Так или иначе, но жизнь князя прошла мирно. Всё состояние осталось в целости, вполне невредимо, даже здоровье почти не расшатано. В 60 лет князь смотрел довольно бодро и, по уверению многих барынь, "хоть сейчас опять под венец». Это было лестью только теперь, когда припадки подагры в ноге стали появляться всё чаще.
Сенатор уехал, говоря:
— Чуден ты, князь. Дочь не выдаёшь. Сам не женился. Жить вы не умеете в Москве.
Князь долго раздумывал по отъезде гостя.
"Моя вся жизнь — будни! Это, что ж, правда!" — сказал себе князь, вспомнив пережитое.
Действительно, всё существование князя Артамона Алексеевича прошло особенно однообразным образом. Но князь не хотел упрямо сознаться, что он сам создал себе такую жизнь. Он до 60 лет сидел, будто ожидая, что явится к нему само собою что-нибудь особенное и кончатся будни, а начнётся праздник.
Впрочем, за всё это время у князя были семь лет, которые он называл праздником и воспоминаньем о которых теперь жил. Эти семь лет он считал от знакомства с своей покойной женой и до её смерти. Разумеется, теперь князь обожал свою дочь и жил помыслами о ней и о её будущем счастье.

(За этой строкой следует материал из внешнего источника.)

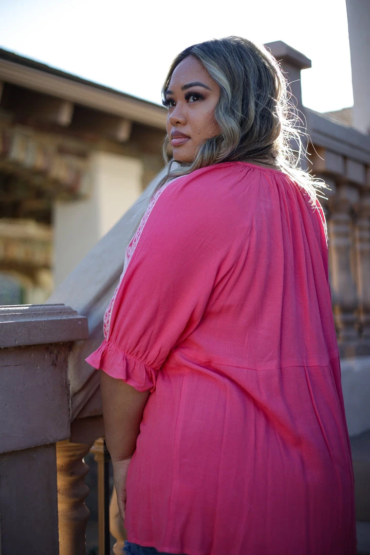 This embroidered 3/4 sleeve has us completely enchanted with it’s beauty. made from an amazing crinkle rayon, this woven blouse features a v-neck with tie option, 3/4 raglan sleeves with stunning embroidery and a ruffle trim, empire waist and rounded hem.

"Но сам-то, сам?.. мало имел на веку хорошего, — думалось ему. — Ведь могла бы жена и теперь жива быть. Так нет! Прожила со мной шесть лет и ушла к Господу Богу!"

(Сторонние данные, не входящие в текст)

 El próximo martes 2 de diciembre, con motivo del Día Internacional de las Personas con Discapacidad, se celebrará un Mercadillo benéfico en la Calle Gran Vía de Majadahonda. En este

Не смотря на то, что князь был сравнительно ещё молод, когда овдовел, ему никогда и мысль не приходила в голову о возможности второго брака.
— Последняя у попа и у дворянина жена! — говорил он. — Что я — турка что ли? Бог Господь, по моему, один раз благословить может, второй раз только поглядит на брак, а в третий и глядеть не станет, а отвернётся.

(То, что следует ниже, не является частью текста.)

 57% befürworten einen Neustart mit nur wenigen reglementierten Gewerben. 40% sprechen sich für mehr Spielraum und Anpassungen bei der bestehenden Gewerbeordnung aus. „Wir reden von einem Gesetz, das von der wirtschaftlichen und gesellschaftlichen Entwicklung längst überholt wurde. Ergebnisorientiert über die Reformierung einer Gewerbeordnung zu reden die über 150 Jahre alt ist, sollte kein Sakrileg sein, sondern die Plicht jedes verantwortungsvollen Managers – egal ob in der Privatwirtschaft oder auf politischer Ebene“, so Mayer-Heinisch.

И князь твёрдо стоял на своём решении не жениться вторично. Когда княжна была уже девицей лет 15-ти, её подговаривали разные тётушки подбить отца на брак то с одной, то с другой московской барыней-вдовой. Отец, наконец, запретил дочери раз навсегда заводить речь о том, что не её дело и что с её стороны даже грех, относительно покойной матери.
Как кто-либо из пожилых дев или из барынь-вдов начинал особенно увиваться кругом княжны, ухаживать за ней, то князь говорил дочери сердито:
— Смотри, Анюта, не в мачехи ли к тебе напрашивается эта махательница.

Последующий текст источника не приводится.